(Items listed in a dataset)
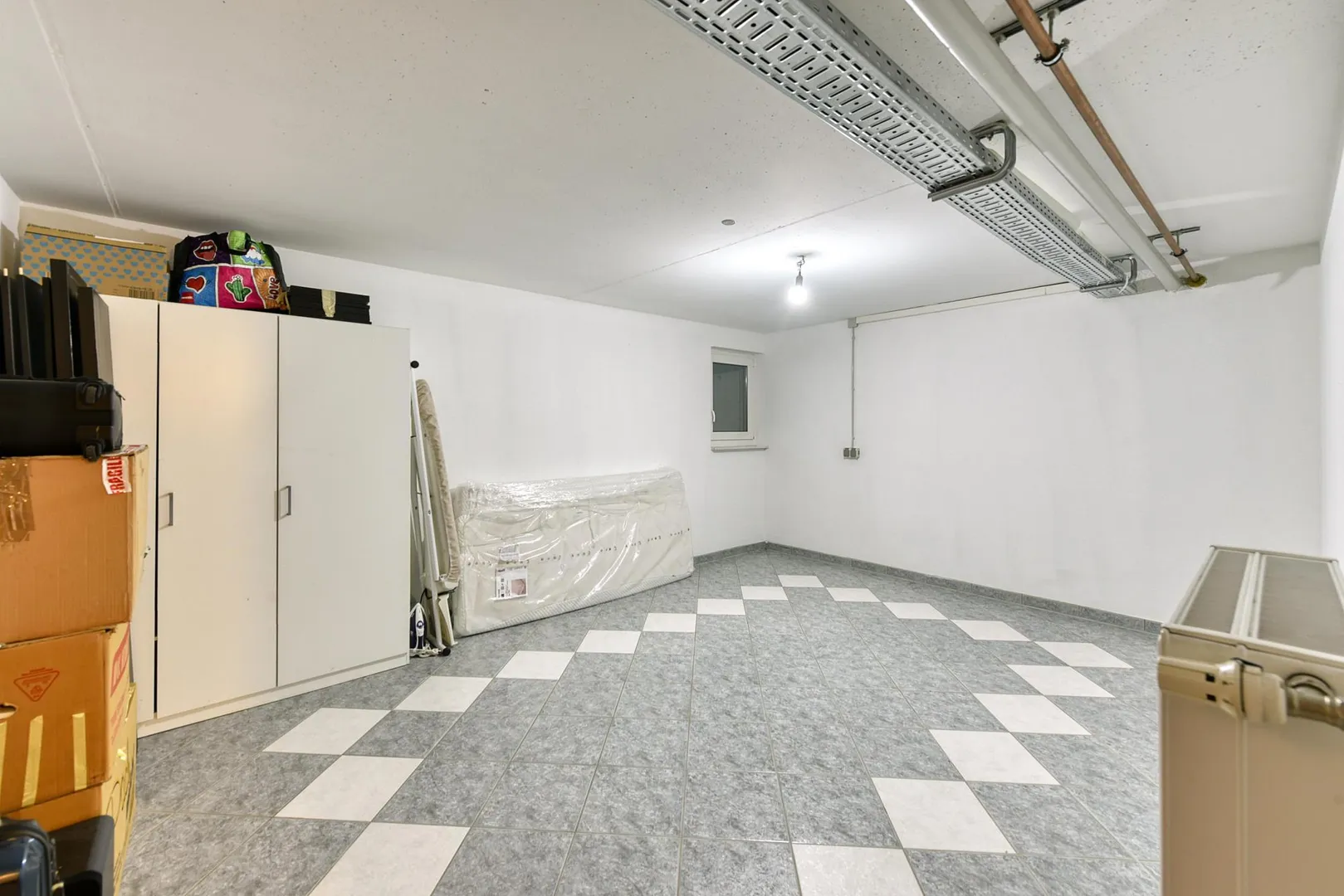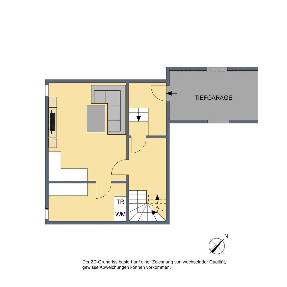 Im Untergeschoss befinden sich ein Hobbyraum mit Heizkörper und Fenster, ein Abstellraum mit Waschmaschinen-Anschluss sowie der Garagen-Zugang und der Kfz-Stellplatz in der Tiefgarage. Die Böden sind gefliest. Die Raumhöhe beträgt ca. 2,24 Meter.
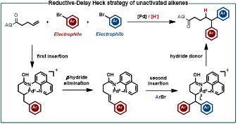 Abstract: Pd-catalyzed chemo- and regiocontrollable 1,1-diarylation of unactivated aliphatic alkenes with two aryl halides was developed. Under the cationic reductive-delay Heck pathway, the first aryl insertion is followed by β-H elimination, while the second aryl insertion is terminated by C−H bond formation.
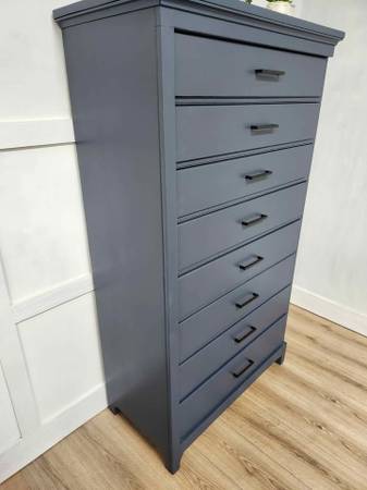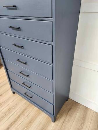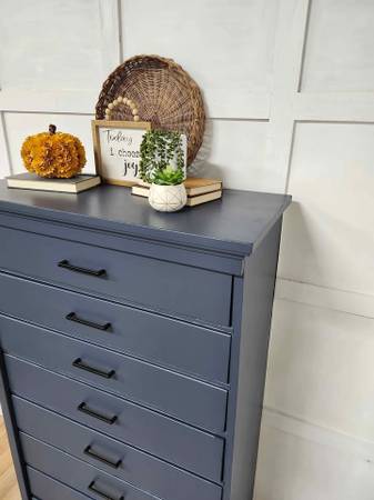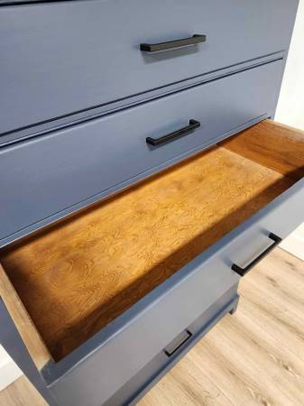 Never have we ever come across a dresser this tall with all drawers! It has been refinished in a blue with black hardware. (Silver or gold available). It has some character and mystery. The right side trim once folded over all the drawers and locked! Now for its next life all the 8 drawers are easily accessible. They are solid wood drawers that glide on side rails as it is an older piece. Feet elevate this off the floor.
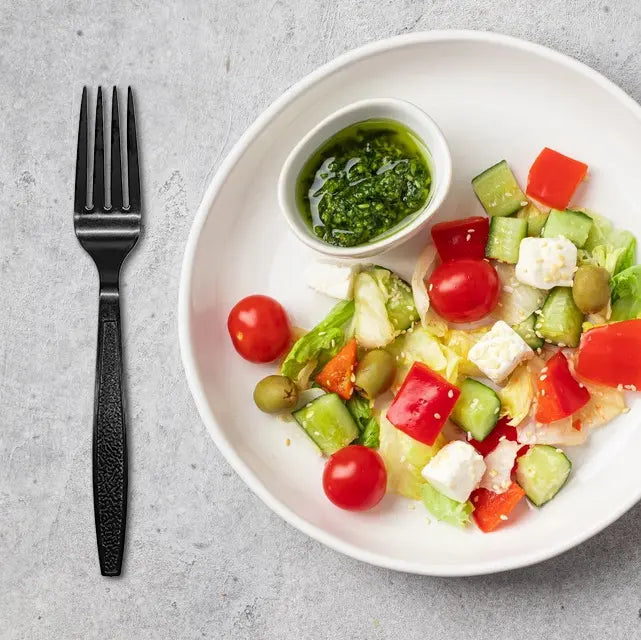 Biocean Heavy Weight Black Textured PS Fork (5g) features a sleek leather-like surface design for an elegant look and comfortable grip. Made from durable PS material, it handles salads, pasta, rice dishes, and desserts with ease, resisting bending or breaking. Packed in a bulk box for convenient storage and large-volume use, it’s perfect for restaurants, takeout services, parties, and events, offering a practical and stylish disposable cutlery option.
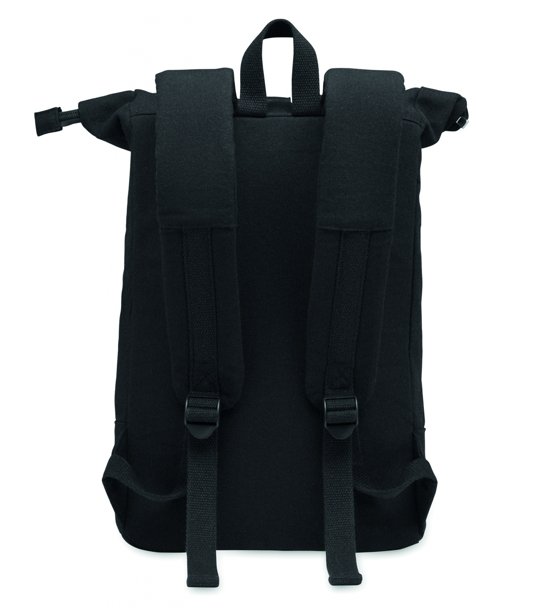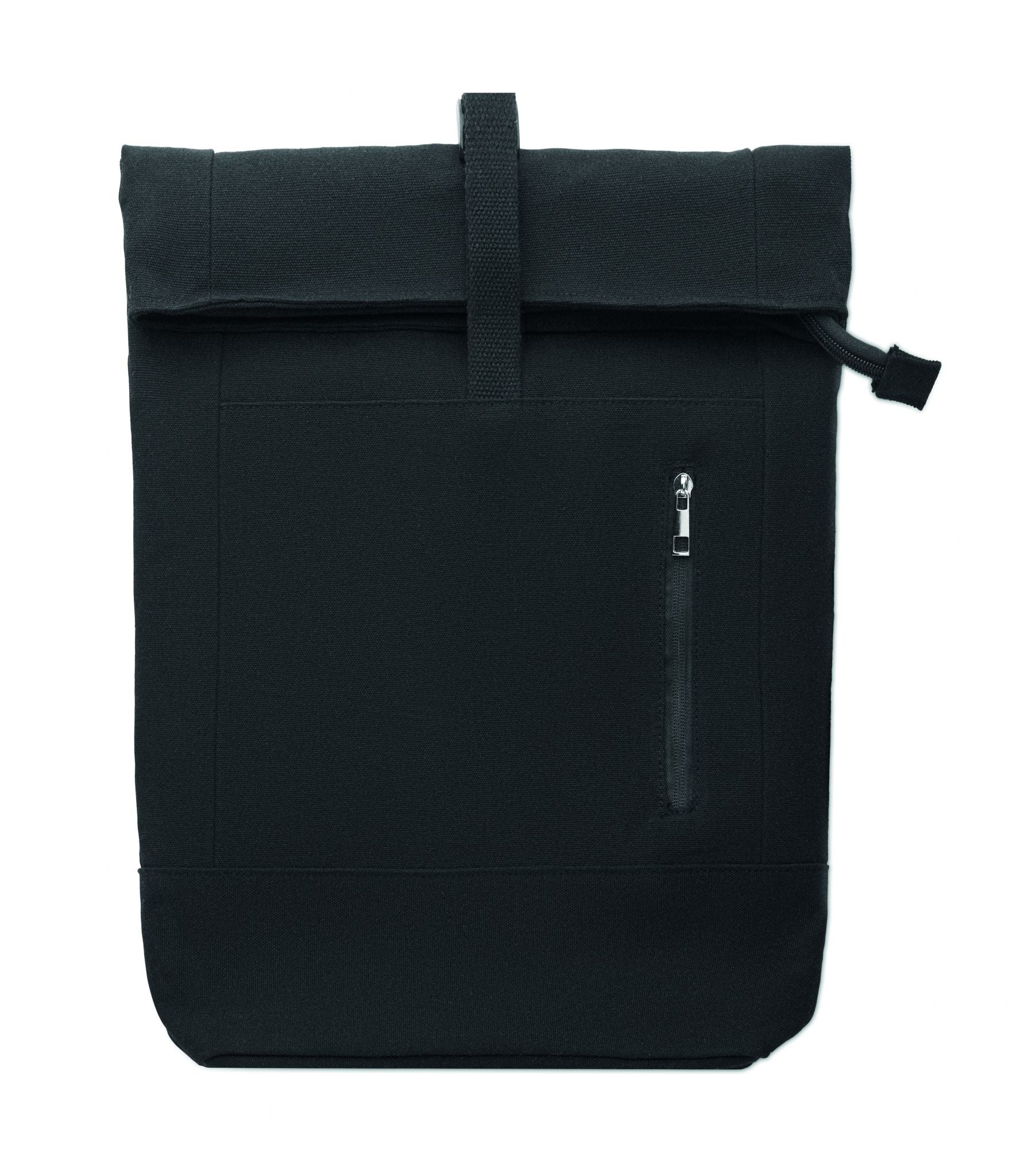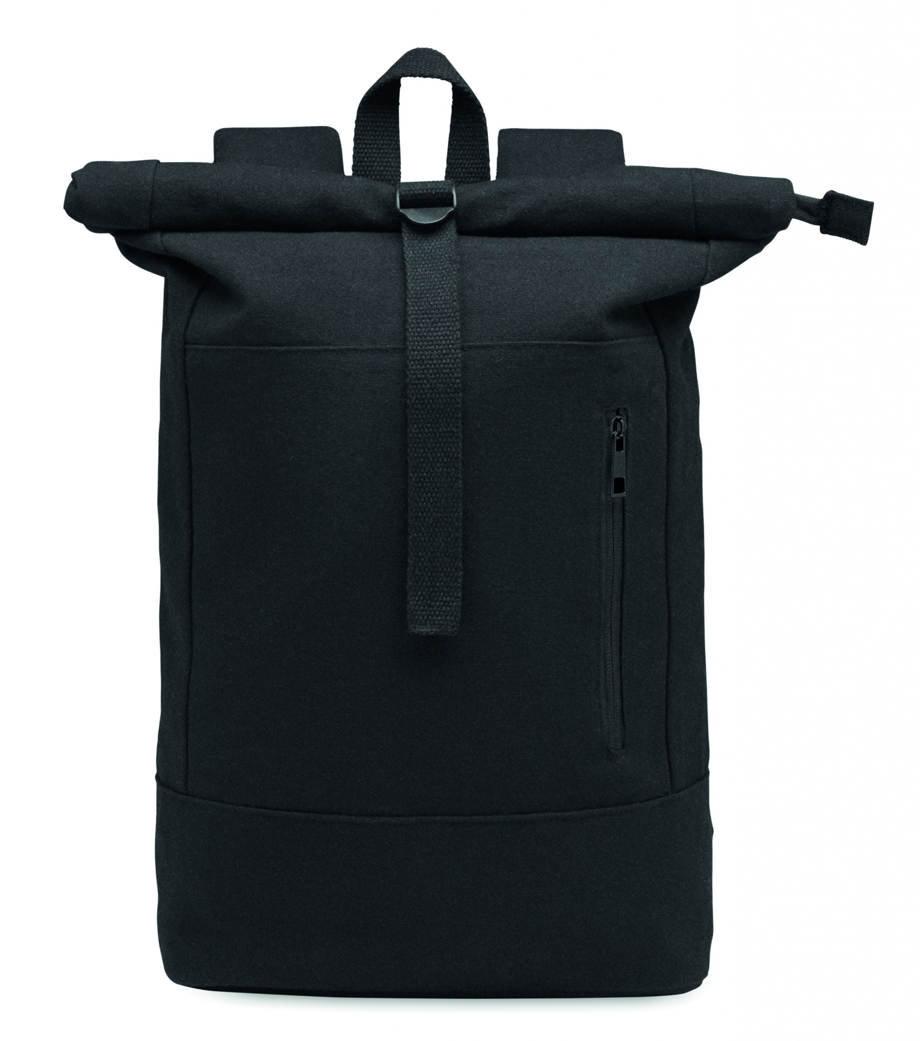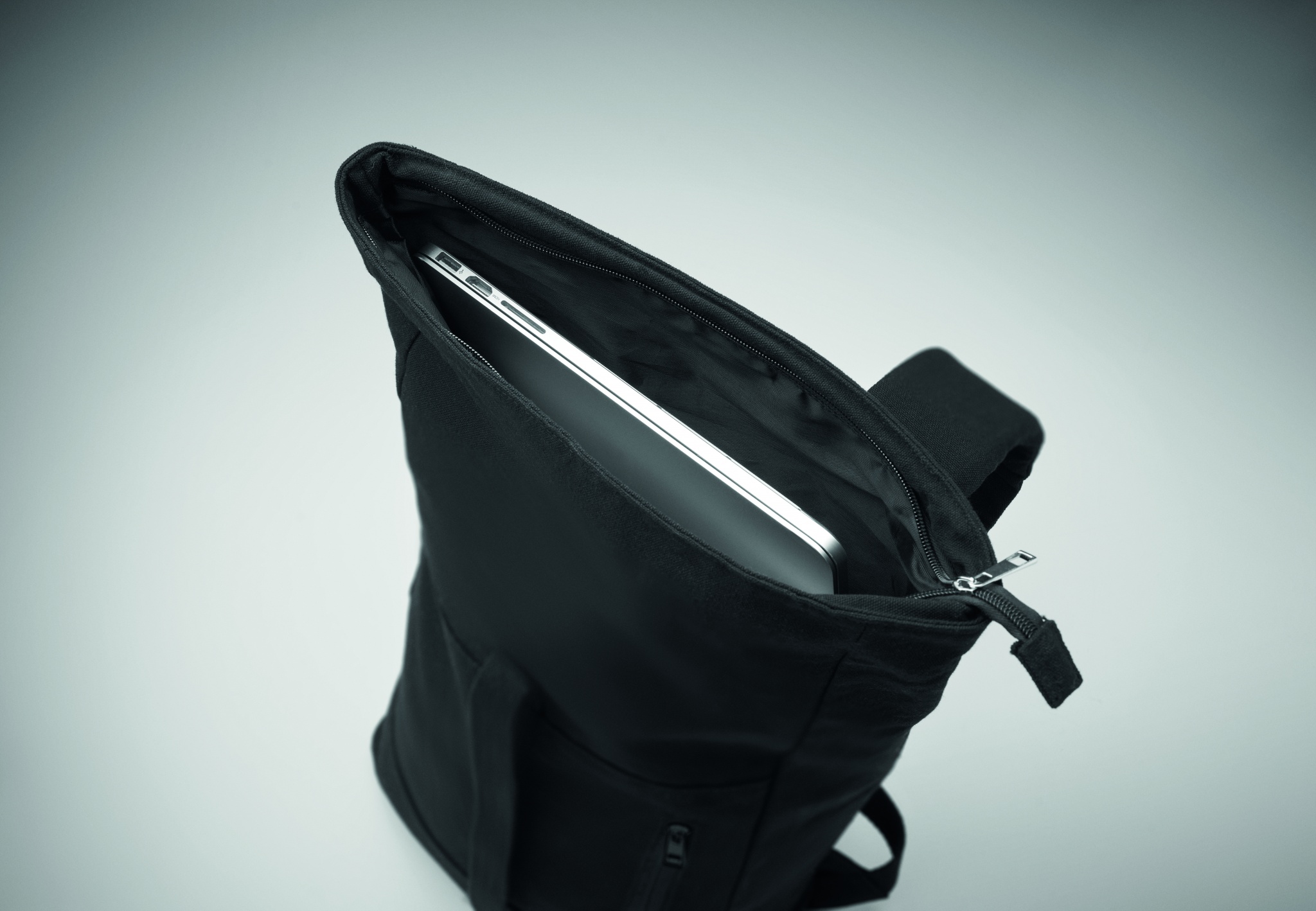 Рюкзак для 15-дюймового ноутбука с ролл-топ застежкой на молнии из переработанного хлопка и переработанного полиэстера (70%/30%). Передний карман на молнии. Спинка и плечевые ремни с мягкой подкладкой. 340 гр/м².

PROMPT
Please retype every record above exactly, leaving out the pictures.

EXERCISE RESPONSE
 Im Untergeschoss befinden sich ein Hobbyraum mit Heizkörper und Fenster, ein Abstellraum mit Waschmaschinen-Anschluss sowie der Garagen-Zugang und der Kfz-Stellplatz in der Tiefgarage. Die Böden sind gefliest. Die Raumhöhe beträgt ca. 2,24 Meter.
 Abstract: Pd-catalyzed chemo- and regiocontrollable 1,1-diarylation of unactivated aliphatic alkenes with two aryl halides was developed. Under the cationic reductive-delay Heck pathway, the first aryl insertion is followed by β-H elimination, while the second aryl insertion is terminated by C−H bond formation.
 Never have we ever come across a dresser this tall with all drawers! It has been refinished in a blue with black hardware. (Silver or gold available). It has some character and mystery. The right side trim once folded over all the drawers and locked! Now for its next life all the 8 drawers are easily accessible. They are solid wood drawers that glide on side rails as it is an older piece. Feet elevate this off the floor.
 Biocean Heavy Weight Black Textured PS Fork (5g) features a sleek leather-like surface design for an elegant look and comfortable grip. Made from durable PS material, it handles salads, pasta, rice dishes, and desserts with ease, resisting bending or breaking. Packed in a bulk box for convenient storage and large-volume use, it’s perfect for restaurants, takeout services, parties, and events, offering a practical and stylish disposable cutlery option.
 Рюкзак для 15-дюймового ноутбука с ролл-топ застежкой на молнии из переработанного хлопка и переработанного полиэстера (70%/30%). Передний карман на молнии. Спинка и плечевые ремни с мягкой подкладкой. 340 гр/м².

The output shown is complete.